Motivation: Why Benchmark Reader-Writer Locks?
A project with which I am involved currently uses
tbb::reader_writer_lock from Intel’s Threading Building Blocks (TBB) library to back its internal “shared lock” implementation. However, the TBB library recently (as of this posting) deprecated its
tbb::reader_writer_lock type, and now suggests that users replace this type with the C++ standard library’s
std::shared_mutex. Before going ahead with this change, I was curious as to what performance differences (if any) it implied, but direct comparison of the performance characteristics of these two lock implementations proved elusive.
This post is far from the final word in reader-writer lock performance evaluation, but I hope it does serve as a starting point for others looking into similar evaluations.
Introduction: Reader-Writer Locks
A Reader-Writer Lock is a synchronization primitive that provides mutual exclusion. Like their more popular cousin, what I will refer to as a “vanilla” lock, they support the ability to acquire the lock in an exclusive mode - only one thread may own the lock at any one time. However, as their name suggests, reader-writer locks also provide the additional ability to acquire the lock in a shared mode wherein many threads may own the lock for read-only access to the protected data at the same time. The API for a reader-writer lock
RWLock might therefore look something like:
RWLock::lock_shared()- Acquire the lock in shared mode
RWLock::lock_exclusive()- Acquire the lock in exclusive mode
RWLock::unlock_shared()- Release the lock held in shared mode
RWLock::unlock_exclusive()- Release the lock held in exclusive mode
The API provided by various implementations may differ slightly from this archetype, but the methods above present the general idea.
The benefit of reader-writer locks over vanilla locks is that they provide the ability to increase the level of concurrency supported by an application.
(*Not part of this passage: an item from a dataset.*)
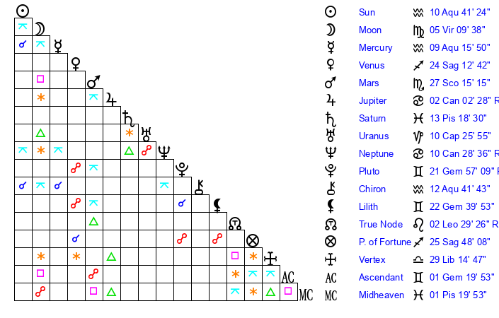 | Sun | 10 Aquarius 42 | 12 Aquarius 4 | 7 Gemini 9 |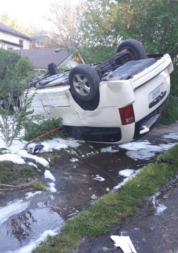 Around 7:30pm, a citizen flagged down police about a single vehicle crash in the alley between Victoria Ave. and Dougall Ave.

In the event that operations on the data protected by the lock do not involve mutation, they may be safely performed concurrently by multiple threads.
Reader-Writer Lock Implementations
We’ll look at two popular reader-writer lock implementations in this benchmark:
The reader-writer lock implementation from Intel’s TBB library serves threads on a first-come first-served basis, with the added caveat that writers are given preference over readers - this is often an important modification to ensure that writers are not starved in read-heavy workloads. All waiting is done in userspace via busy-loops. This design is a double-edged sword: under low contention, this saves us potentially-expensive calls into the OS kernel, but under high contention this might lead to significant performance degradation as multiple cores are saturated with threads spinning on the lock.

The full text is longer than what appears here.